Zhang Lei, Ye Lili, Wang Fan, Gao Wei, Yu Jinhui, Zhang Lidong
School of Chemical Engineering, Dalian University of Technology, Dalian, Liaoning 116024, China.
State Key Laboratory of Fire Science, University of Science and Technology of China, Hefei, Anhui 230026, China.
J Phys Chem A. 2024 Feb 1;128(4):761-772. doi: 10.1021/acs.jpca.3c06917. Epub 2024 Jan 18.
Hydrogen abstraction reactions between hydrocarbons and hydroxyl radicals are important propagation steps in radical chain reactions, playing a crucial role in atmospheric and combustion chemistry. This study focuses on predicting the rate constants of the prototype of the reaction class of hydrogen abstractions, i.e., the primary allylic hydrogen abstraction from alkenes by the OH radical, via utilizing machine learning (ML) methods. Specifically, three distinct models, namely, feedforward neural network (FNN), support vector regression (SVR), and Gaussian process regression (GPR), have been employed to construct robust ML models for prediction.
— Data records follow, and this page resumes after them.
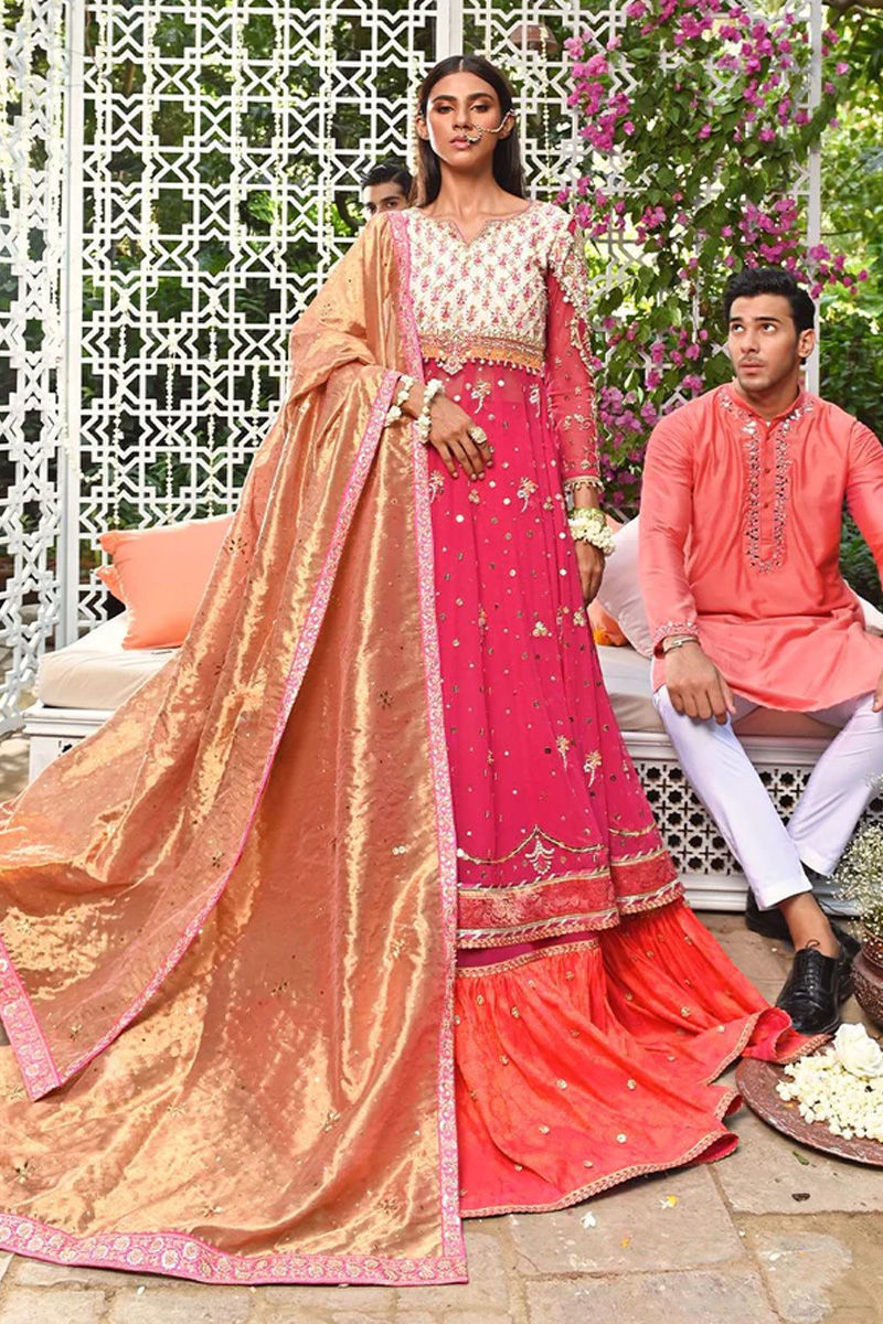 Season’s hottest pink is a must for your festive needs! It’s a perfect fit for an intimate Dulhan or her Saheli. Fully worked handprinted bodice in kora dabka Japanese beads, the sleeves are intricately worked with appliqués, handmade jaili and hand work making it a complete festive package! The kalidar is sprayed all over with chan and booties and a scalloped handworked border! The back is intricately worked also with beautiful dazzling tassels! We have paired it up with a farshi lengha with beautiful self banarasi and gotta chan! The Duppata is a contrasting tone of rust tissue fully laden with mukesh and finished with four-sided border - To make it more festive add another Chunri duppata fully sprayed with mukesh and 4-sided intricately fully hand worked zardozi borders . Lehenga: Net Shirt: Net Dupatta: Net
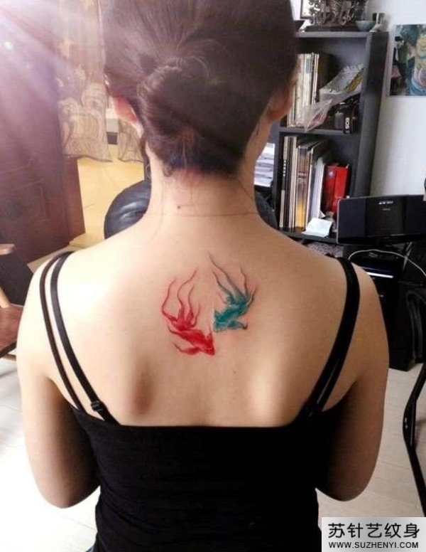 女生背上唯美漂亮红蓝情侣鱼纹身_情侣纹身图案大全_纹身图吧
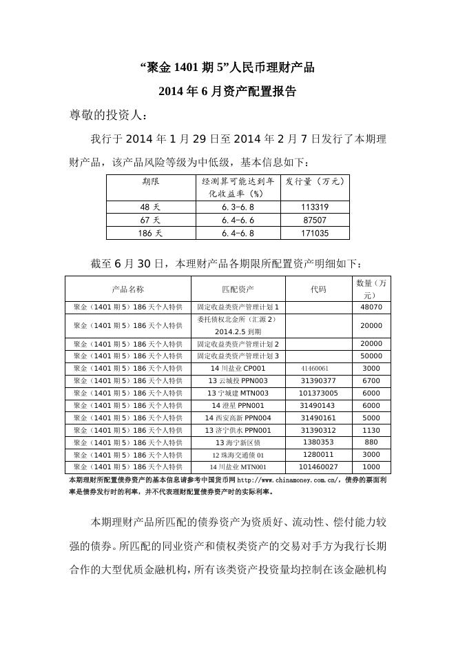 “聚金1401期6”人民币理财产品2014年6月资产配置报告.doc

We proposed a novel strategy that seamlessly integrates descriptor preprocessing, a pairwise linear correlation analysis, and a model-specific Wrapper method to enhance the effectiveness of the feature selection procedure. The selected feature subset was then evaluated using two cross-validation techniques, i.e., leave-one-group-out (LOGO) and K-fold cross-validations, for each of the three ML models (FNN, SVR, and GPR) to assess their predictive and stability performance. The results demonstrate that the FNN model, trained with seven representative descriptors, achieves superior performance compared to the other two methods. For the FNN model, the average percentage deviation is 39.06% on the test set by performing LOGO cross-validation, while the repeated 10-fold cross-validation achieves a percentage prediction deviation of 19.1%. Two larger alkenes with 10 carbons were selected to test the prediction performance of the trained FNN model on primary allylic hydrogen abstraction. Results show that the kinetic predictions follow well the modified three-parameter Arrhenius equation, indicating the reliable performance of FNN in predicting hydrogen abstraction rate constants, especially for the primary allylic site. Hopefully, this work can shed useful light on the application of ML in generating chemical kinetic parameters of hydrocarbon combustion chemistry.
碳氢化合物与羟基自由基之间的氢提取反应是自由基链反应中的重要传播步骤,在大气化学和燃烧化学中起着关键作用。本研究聚焦于通过利用机器学习(ML)方法预测氢提取反应类别的原型反应速率常数,即OH自由基从烯烃中提取一级烯丙基氢的反应速率常数。具体而言,采用了三种不同的模型,即前馈神经网络(FNN)、支持向量回归(SVR)和高斯过程回归(GPR)来构建用于预测的稳健ML模型。我们提出了一种新颖的策略,该策略无缝集成了描述符预处理、成对线性相关分析和特定于模型的包装方法,以提高特征选择过程的有效性。然后,针对三个ML模型(FNN、SVR和GPR)中的每一个,使用两种交叉验证技术,即留一组交叉验证(LOGO)和K折交叉验证,对所选特征子集进行评估,以评估它们的预测性能和稳定性。结果表明,使用七个代表性描述符训练的FNN模型与其他两种方法相比具有卓越的性能。对于FNN模型,通过执行LOGO交叉验证,测试集上的平均百分比偏差为39.06%,而重复10折交叉验证的预测百分比偏差为19.1%。选择了两种含有10个碳原子的较大烯烃来测试训练后的FNN模型对一级烯丙基氢提取的预测性能。结果表明,动力学预测很好地遵循了修正的三参数阿伦尼乌斯方程,表明FNN在预测氢提取速率常数方面具有可靠的性能,特别是对于一级烯丙基位点。希望这项工作能为ML在生成碳氢化合物燃烧化学的化学动力学参数方面的应用提供有益的启示。